• Vivid Seats Delivers Highest GOV Ever and Expands TAM Internationally

    Источник: Nasdaq GlobeNewswire / 08 авг 2023 06:15:00   America/New_York

    CHICAGO, Aug. 08, 2023 (GLOBE NEWSWIRE) -- Vivid Seats Inc. (NASDAQ: SEAT) (“Vivid Seats” or “we”), a leading marketplace that utilizes its technology platform to connect millions of buyers with thousands of ticket sellers across hundreds of thousands of events each year, today provided financial results for the second quarter ended June 30, 2023.

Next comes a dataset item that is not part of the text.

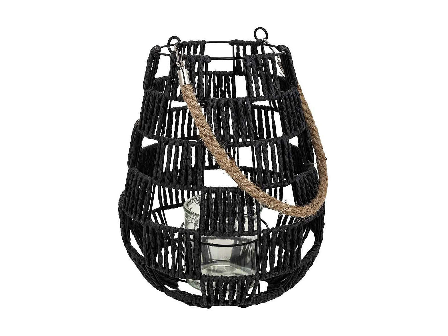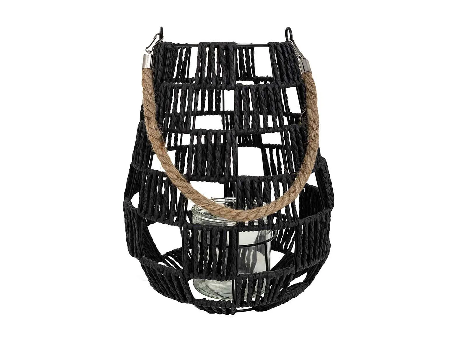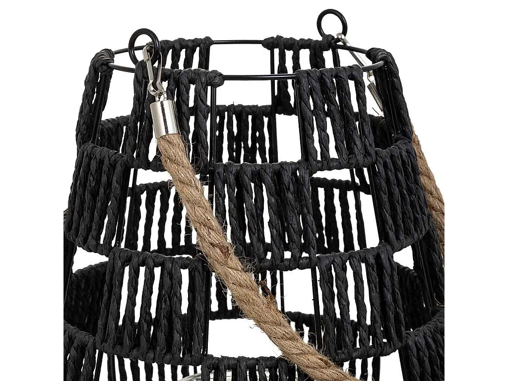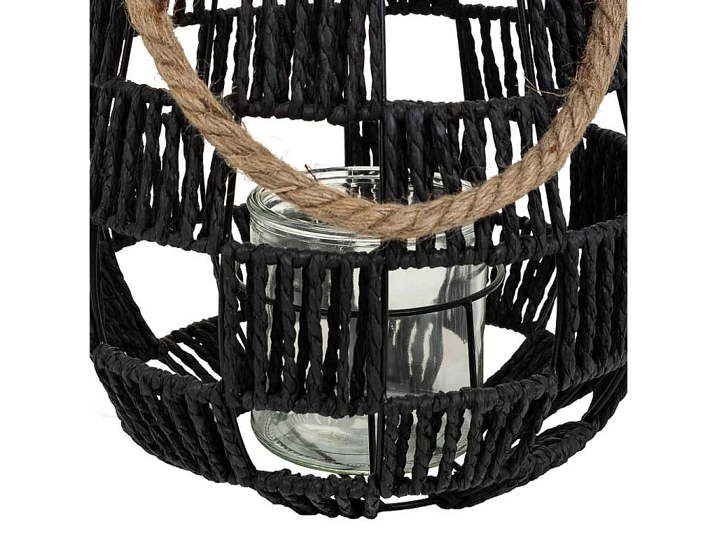 Lanterna portacandele in metallo e corda in carta nera d25x30h

    “It is an exciting time for Vivid Seats. We set a new quarterly record for Marketplace GOV and delivered solid profitability that is enabling compelling investments,” said Stan Chia, Vivid Seats CEO. “I'm thrilled to announce that we’ve expanded our TAM internationally with a definitive agreement to purchase Wavedash, the leading secondary ticketing marketplace in Japan. We are also excited to have entered into several strategic partnerships including with the Colorado Rockies, the L.A. Dodgers and the L.A. Chargers. Through partnerships such as these, we craft unique and premium experiences that drive differentiation, higher brand awareness and affinity, and ultimately contribute to higher customer repeat rates.”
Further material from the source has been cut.